Run an LLM
| Field | Value |
|---|---|
| Difficulty | Beginner |
| Estimated Read Time | 10 minutes |
| Labels | genai, llm, chat, history, streaming |
The classic Model tutorials use .tar.gz MPK archives. GenAI models use LLiMa model directories and the neat::genai API instead. Start with the smallest request: load a model, set request.prompt, run it, and print the answer. Once that works, switch to request.messages when you need conversation state.
Walkthrough
Load the model directory
Point GenAIModel at a deployed LLiMa model directory. This tutorial uses GenAIModel because it auto-detects whether the directory is an LLM, VLM, or ASR model.
Construct simaai::neat::genai::GenAIModel from the model path.

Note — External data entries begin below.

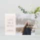 Minimalist design featuring delicate font and one image layout. "love, peace joy" greeting.
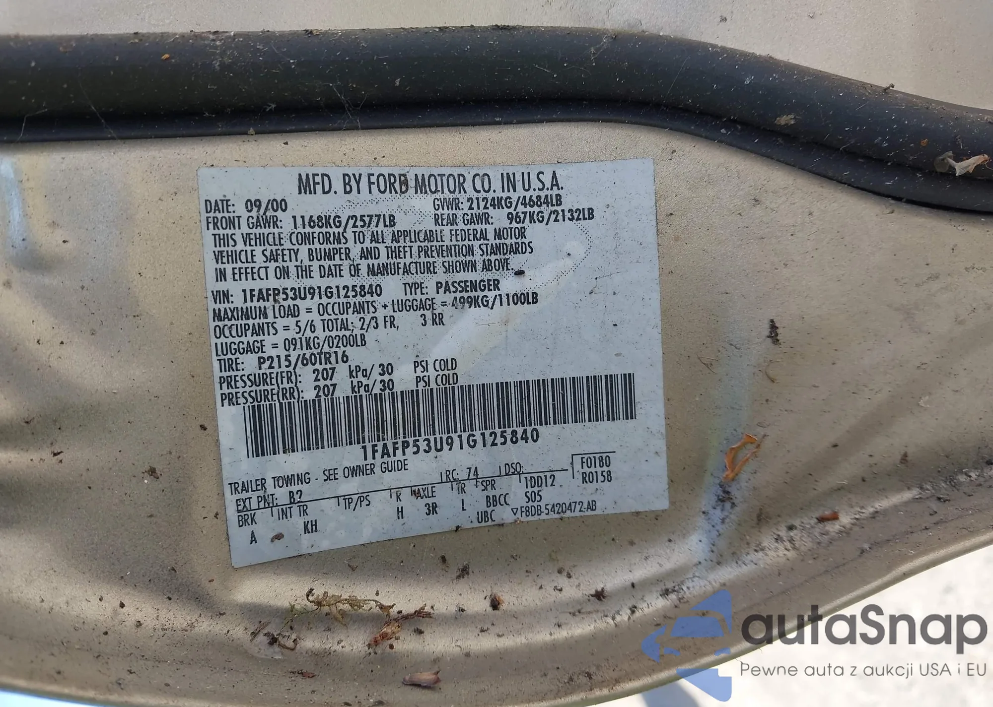 LOT: 43458792 VIN: 1FAFP53U91G125840
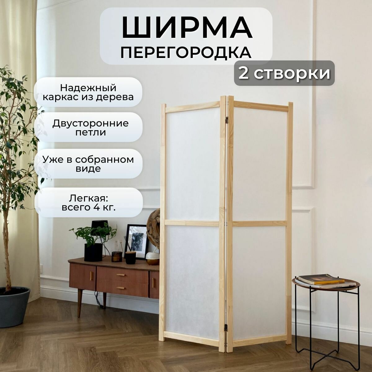 Купить Ширма перегородка для зонирования комнаты. Рама из натурального дерева. 2 створки. Цвет белый.
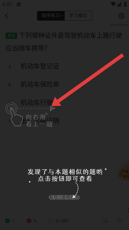 4、在答题的界面,可以选择向右滑可以看上一题,或者选择继续科目一题目的刷题。
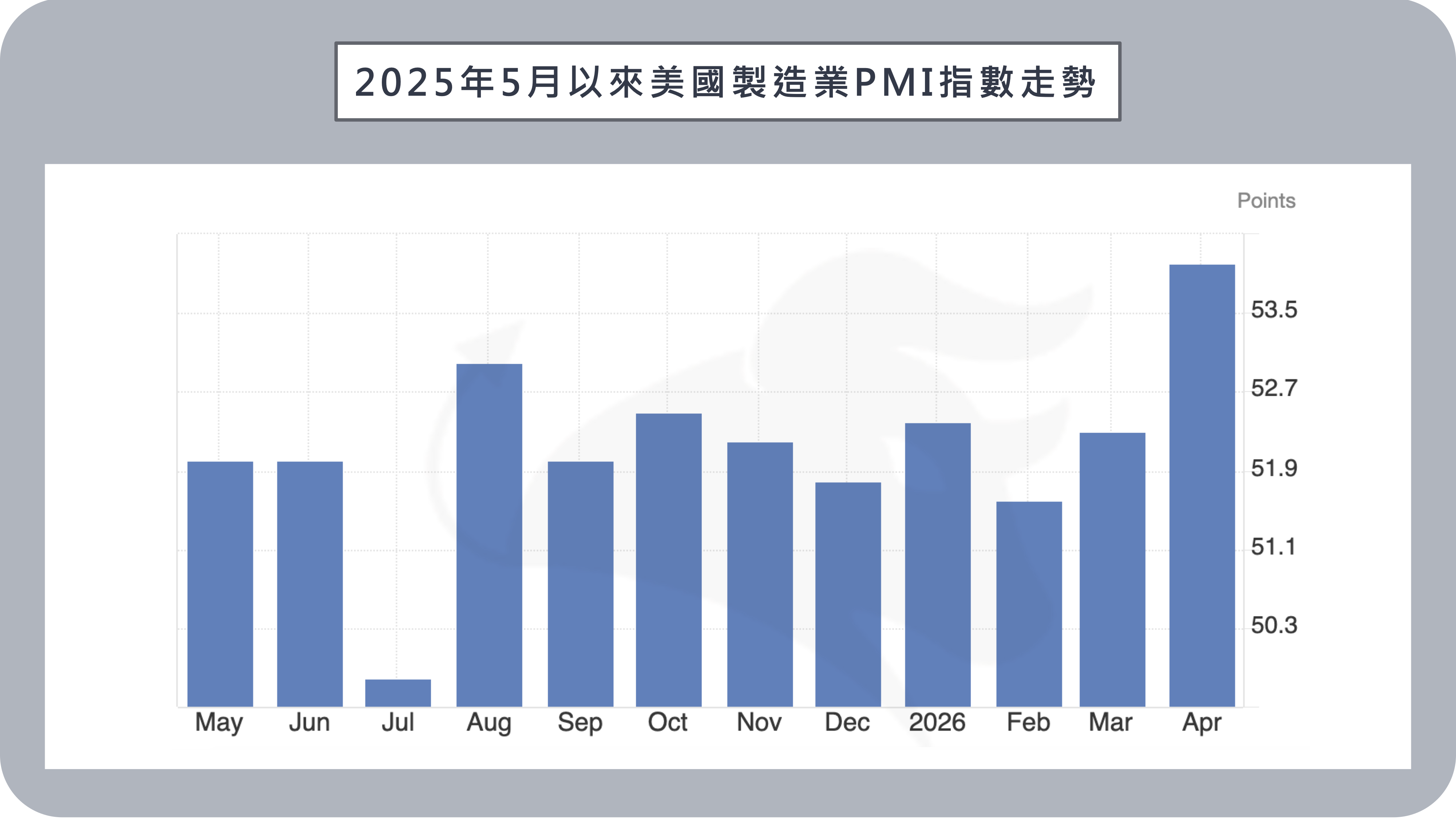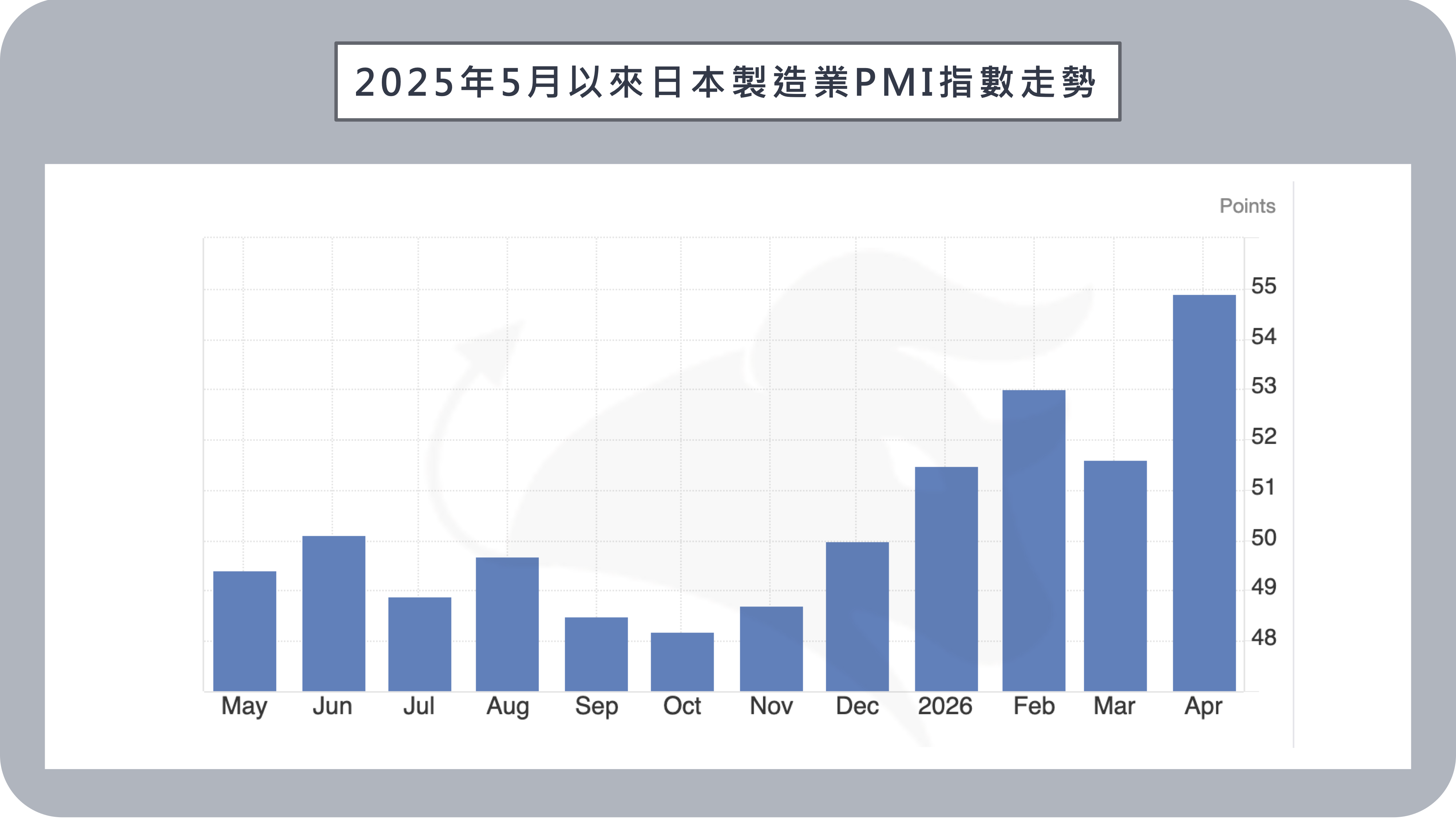 日本公布 4 月製造業 PMI 指數初值由 3 月的 51.6 大幅升至 54.9,不僅遠高於景氣榮枯線 50,也創下自 2022 年 1 月以來新高。其中製造業 PMI 指數從 52.1 升至 55.4,為 2014 年 2 月以來最大升幅,顯示企業為因應潛在供應短缺而提前備貨與增產,使得製造業動能顯著轉強。服務業 PMI 初值由 3 月的 53.4 降至 51.2,創下 11 個月新低,顯示需求面開始轉弱。綜合 PMI 由 53 下滑至 52.4,為 4 個月來最慢擴張速度,反映出「製造業補庫存」與「服務業需求降溫」的結構性落差。日本企業在 4 月面臨顯著成本上升。投入成本創下 2023 年 1 月以來最大漲幅,而產出價格則創 2007 年底有統計以來最大升幅,顯示企業正逐步將能源與原物料上漲轉嫁至終端價格。同時,商業信心連續兩個月下滑,4 月更跌至 2020 年 8 月疫情以來低點,反映企業對未來供應鏈與需求的不確定性持續升高。

genai::GenAIModel model(args.model);
Send one prompt
Build a GenerationRequest with prompt and a token budget. This is the shortest path for one-off questions, tests, and scripts.
genai::GenerationRequest request;
request.prompt = "Give me three practical tips for designing a small REST API.";
request.max_new_tokens = 96;
const genai::GenerationResult first = model.run(request);
std::cout << "assistant: " << first.text << "\n\n";
Define a system prompt
Use a short system instruction to steer the model's behavior. You can attach it to a simple prompt request with system_prompt; when you switch to chat history, carry the same instruction into the message list as a system message.

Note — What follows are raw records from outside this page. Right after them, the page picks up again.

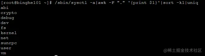 /sbin/sysctl -a|awk -F "." '{print $1}'|sort -k1|uniq
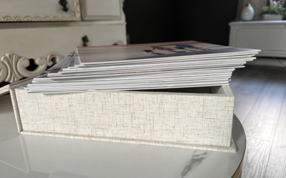 Mounted photos in box
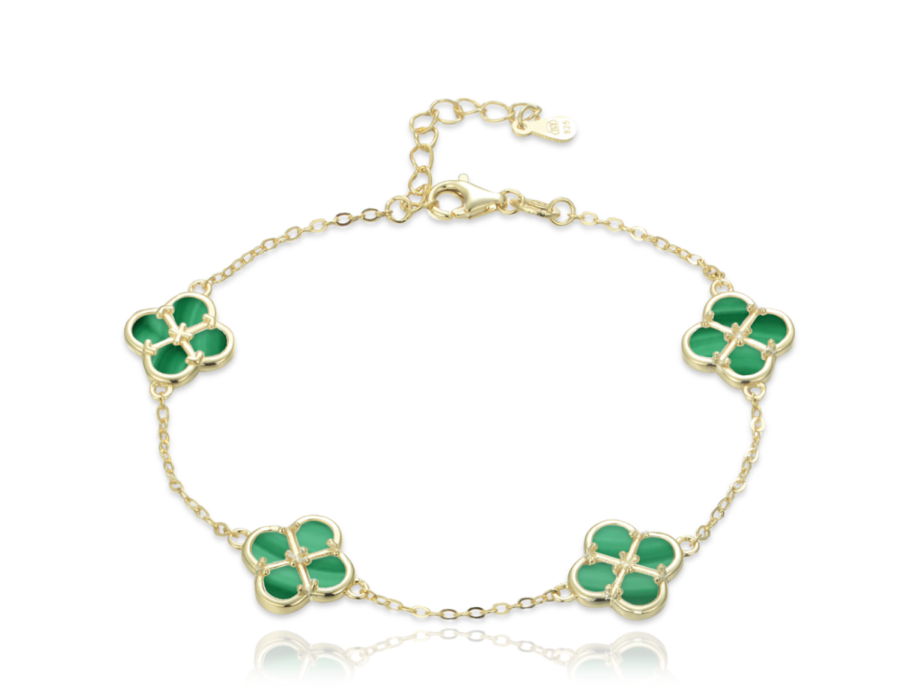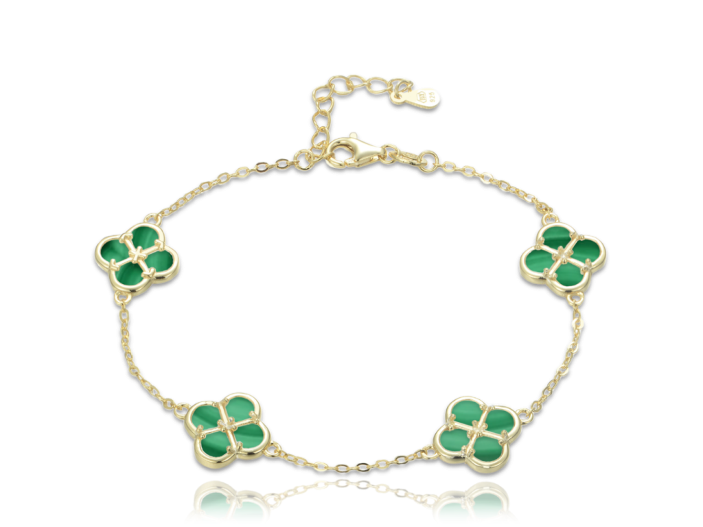 MINET Pozlacený stříbrný náramek čtyřlístky s malachitem
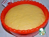 Вот так тесто поднялось. Аккуратно обмять его, накрыть емкость пищевой пленкой и убрать в холодильник на ночь, а можно и сразу формовать булочки. У меня тесто стояло ночь |
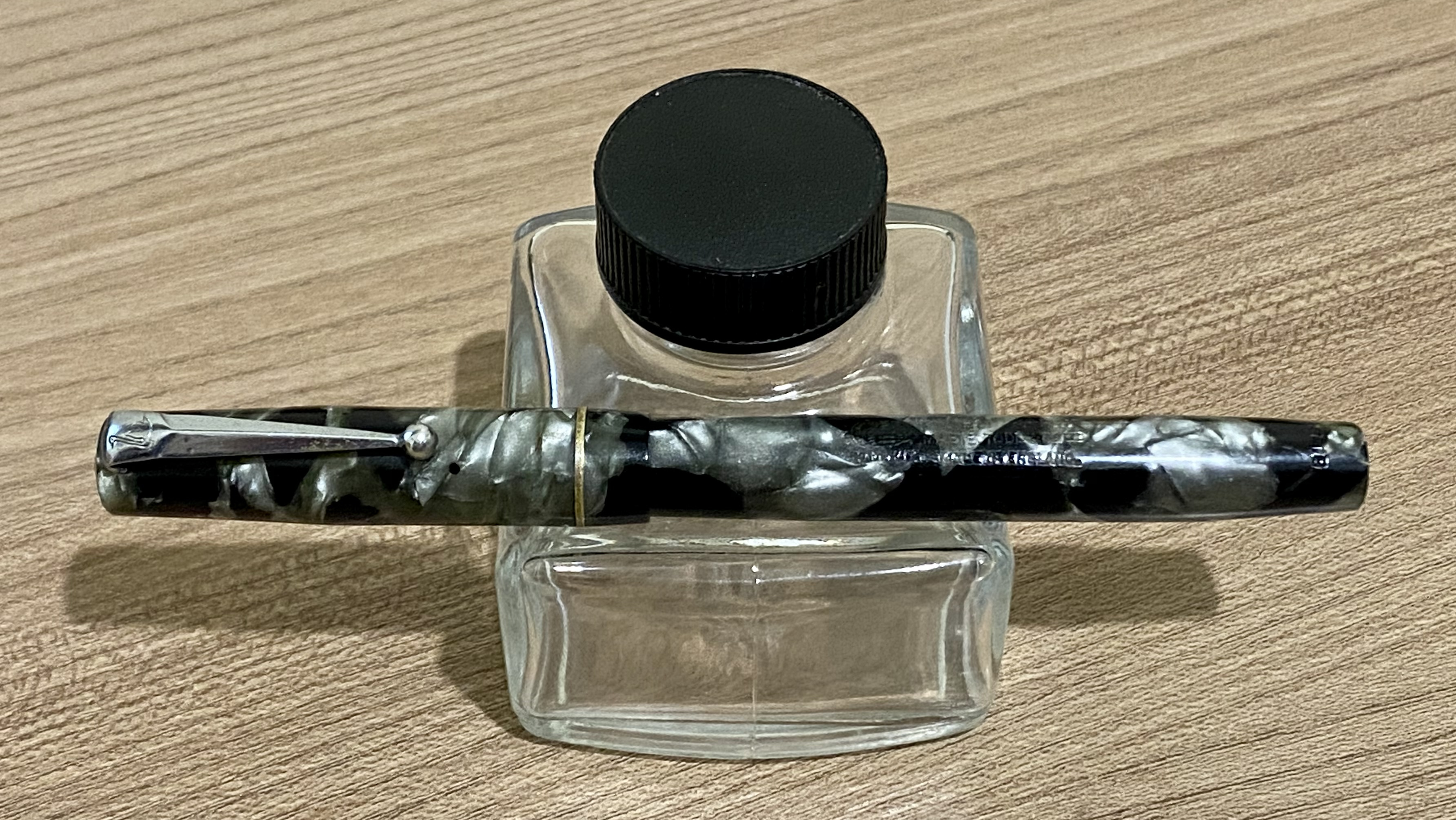 Foto di una penna Swan. Modello: Swan 6145. Caricamento a levetta. Realizzazione in celluloide marmorizzata grigia. Versione con finiture cromate.

const std::string system_prompt = "You are concise and practical.";
genai::GenerationRequest concise_request;
concise_request.system_prompt = system_prompt;
concise_request.prompt = "Give me one rule of thumb for designing a small REST API.";
concise_request.max_new_tokens = 64;
const genai::GenerationResult concise = model.run(concise_request);
std::cout << "assistant: " << concise.text << "\n\n";
Switch to messages
For chat-style requests, use messages instead of prompt: start with a system message and a user message, run the request, then store the assistant response. The model does not remember earlier run() calls by itself; your application owns the message history.

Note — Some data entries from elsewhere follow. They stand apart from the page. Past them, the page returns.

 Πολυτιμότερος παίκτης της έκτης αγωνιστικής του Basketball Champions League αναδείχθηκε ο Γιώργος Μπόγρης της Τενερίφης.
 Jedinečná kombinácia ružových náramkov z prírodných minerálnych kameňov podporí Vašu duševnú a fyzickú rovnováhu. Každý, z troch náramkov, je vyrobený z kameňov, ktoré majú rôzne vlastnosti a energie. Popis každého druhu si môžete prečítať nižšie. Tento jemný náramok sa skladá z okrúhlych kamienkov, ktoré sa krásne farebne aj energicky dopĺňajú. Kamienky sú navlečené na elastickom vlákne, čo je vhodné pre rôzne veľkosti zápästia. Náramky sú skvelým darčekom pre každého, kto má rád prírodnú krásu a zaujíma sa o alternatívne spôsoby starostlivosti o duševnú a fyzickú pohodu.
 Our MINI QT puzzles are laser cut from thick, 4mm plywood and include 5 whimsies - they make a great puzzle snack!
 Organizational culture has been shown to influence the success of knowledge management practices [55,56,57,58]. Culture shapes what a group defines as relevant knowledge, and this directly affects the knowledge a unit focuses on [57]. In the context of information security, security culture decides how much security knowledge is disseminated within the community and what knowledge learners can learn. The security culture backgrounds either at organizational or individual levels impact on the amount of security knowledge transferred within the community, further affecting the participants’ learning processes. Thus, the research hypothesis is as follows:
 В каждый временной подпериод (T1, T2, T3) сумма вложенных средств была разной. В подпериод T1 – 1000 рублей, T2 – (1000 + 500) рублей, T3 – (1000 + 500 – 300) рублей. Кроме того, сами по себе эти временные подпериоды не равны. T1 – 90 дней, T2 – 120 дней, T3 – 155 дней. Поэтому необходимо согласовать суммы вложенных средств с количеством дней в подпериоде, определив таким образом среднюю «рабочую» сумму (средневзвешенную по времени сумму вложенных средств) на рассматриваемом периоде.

std::vector<genai::ChatMessage> messages;
messages.push_back(genai::ChatMessage{
.role = "system",
.content = system_prompt,
});
messages.push_back(genai::ChatMessage{
.role = "user",
.content = "Give me three practical tips for writing API documentation.",
});
genai::GenerationRequest chat_request;
chat_request.messages = messages;
chat_request.max_new_tokens = 96;
const genai::GenerationResult chat_result = model.run(chat_request);
std::cout << "assistant: " << chat_result.text << "\n\n";
messages.push_back(genai::ChatMessage{.role = "assistant", .content = chat_result.text});
Ask a follow-up with history
Append another user message, send the updated message list, and read the answer. The model now sees the full conversation your application kept.
messages.push_back(genai::ChatMessage{
.role = "user",
.content = "Which tip should I apply first for a prototype?",
});
genai::GenerationRequest follow_up;
follow_up.messages = messages;
follow_up.max_new_tokens = 96;
const genai::GenerationResult second = model.run(follow_up);
std::cout << "assistant: " << second.text << "\n\n";
messages.push_back(genai::ChatMessage{.role = "assistant", .content = second.text});
Stream an answer
For UI-style output, call stream() and iterate the returned GenerationStream. Each token sample contains the latest text fragment.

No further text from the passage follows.